#### [EXERCISE GOAL]
In the material below, the required lines run from the one containing "Three bedroom, three" through the one containing "Безразмерное кольцо из". Copy those lines exactly, ends included, and nothing else.

#### [GIVEN DATA]
########
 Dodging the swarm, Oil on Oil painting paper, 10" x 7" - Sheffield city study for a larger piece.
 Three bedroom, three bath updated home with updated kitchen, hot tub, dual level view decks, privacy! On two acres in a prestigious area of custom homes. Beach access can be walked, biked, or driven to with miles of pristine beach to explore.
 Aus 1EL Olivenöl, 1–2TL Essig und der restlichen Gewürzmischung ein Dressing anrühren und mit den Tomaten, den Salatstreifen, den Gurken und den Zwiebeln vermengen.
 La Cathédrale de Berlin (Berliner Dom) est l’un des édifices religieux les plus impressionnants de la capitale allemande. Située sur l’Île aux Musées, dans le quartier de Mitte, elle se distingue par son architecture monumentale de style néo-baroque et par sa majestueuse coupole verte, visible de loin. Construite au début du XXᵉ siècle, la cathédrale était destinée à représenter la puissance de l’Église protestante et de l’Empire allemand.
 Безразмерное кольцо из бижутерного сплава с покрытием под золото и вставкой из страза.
########
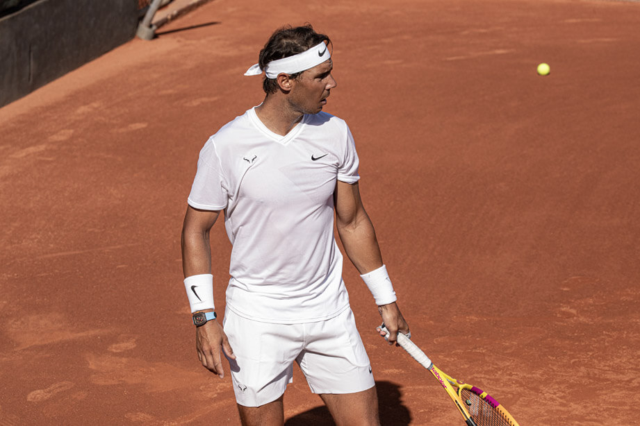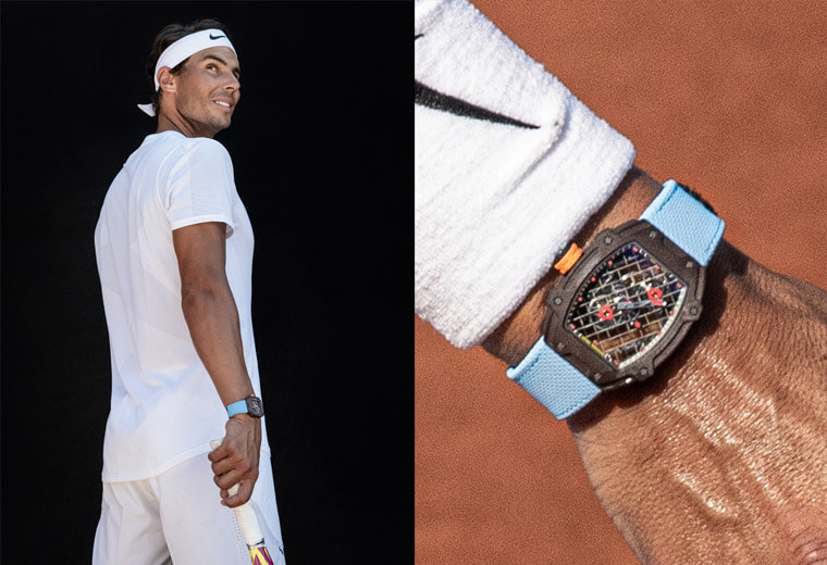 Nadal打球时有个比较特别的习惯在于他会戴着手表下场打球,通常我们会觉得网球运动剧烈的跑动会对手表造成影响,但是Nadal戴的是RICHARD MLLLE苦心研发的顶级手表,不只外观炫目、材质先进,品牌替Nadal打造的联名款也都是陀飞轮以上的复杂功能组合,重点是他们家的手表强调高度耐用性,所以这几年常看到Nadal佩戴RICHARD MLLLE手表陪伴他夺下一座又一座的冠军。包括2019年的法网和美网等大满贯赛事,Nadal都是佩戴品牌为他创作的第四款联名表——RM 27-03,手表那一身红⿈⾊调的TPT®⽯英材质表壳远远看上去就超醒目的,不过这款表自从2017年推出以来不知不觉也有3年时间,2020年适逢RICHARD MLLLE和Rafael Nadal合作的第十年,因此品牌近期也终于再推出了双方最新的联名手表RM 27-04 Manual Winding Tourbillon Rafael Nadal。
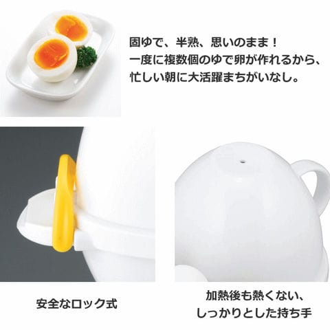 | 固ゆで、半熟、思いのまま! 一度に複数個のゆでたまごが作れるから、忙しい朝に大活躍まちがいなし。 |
########
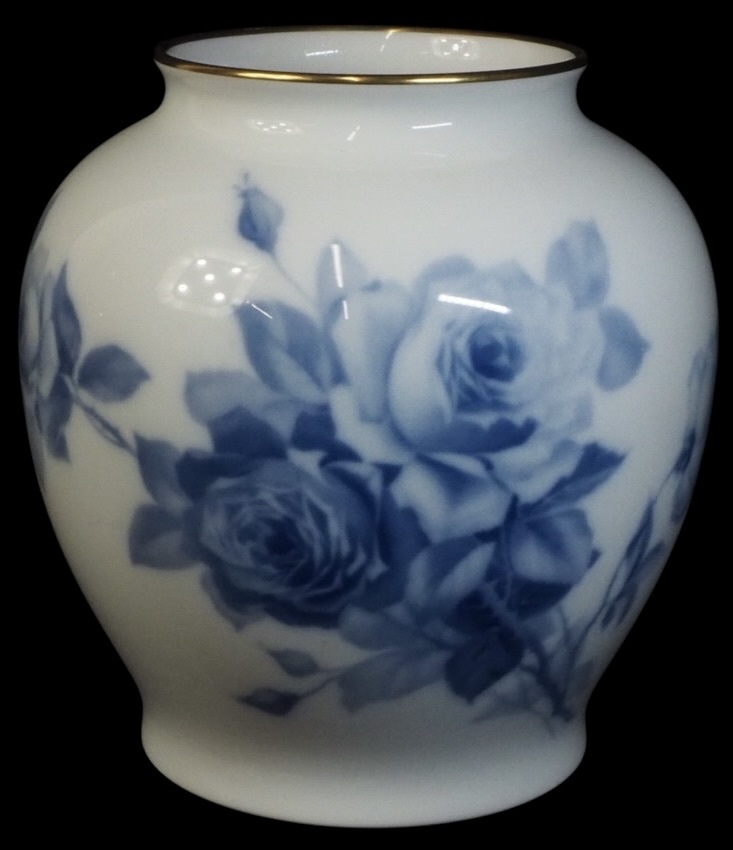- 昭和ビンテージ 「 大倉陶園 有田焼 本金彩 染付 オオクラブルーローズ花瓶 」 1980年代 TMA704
########
#### [SOLUTION BELOW]
 Three bedroom, three bath updated home with updated kitchen, hot tub, dual level view decks, privacy! On two acres in a prestigious area of custom homes. Beach access can be walked, biked, or driven to with miles of pristine beach to explore.
 Aus 1EL Olivenöl, 1–2TL Essig und der restlichen Gewürzmischung ein Dressing anrühren und mit den Tomaten, den Salatstreifen, den Gurken und den Zwiebeln vermengen.
 La Cathédrale de Berlin (Berliner Dom) est l’un des édifices religieux les plus impressionnants de la capitale allemande. Située sur l’Île aux Musées, dans le quartier de Mitte, elle se distingue par son architecture monumentale de style néo-baroque et par sa majestueuse coupole verte, visible de loin. Construite au début du XXᵉ siècle, la cathédrale était destinée à représenter la puissance de l’Église protestante et de l’Empire allemand.
 Безразмерное кольцо из бижутерного сплава с покрытием под золото и вставкой из страза.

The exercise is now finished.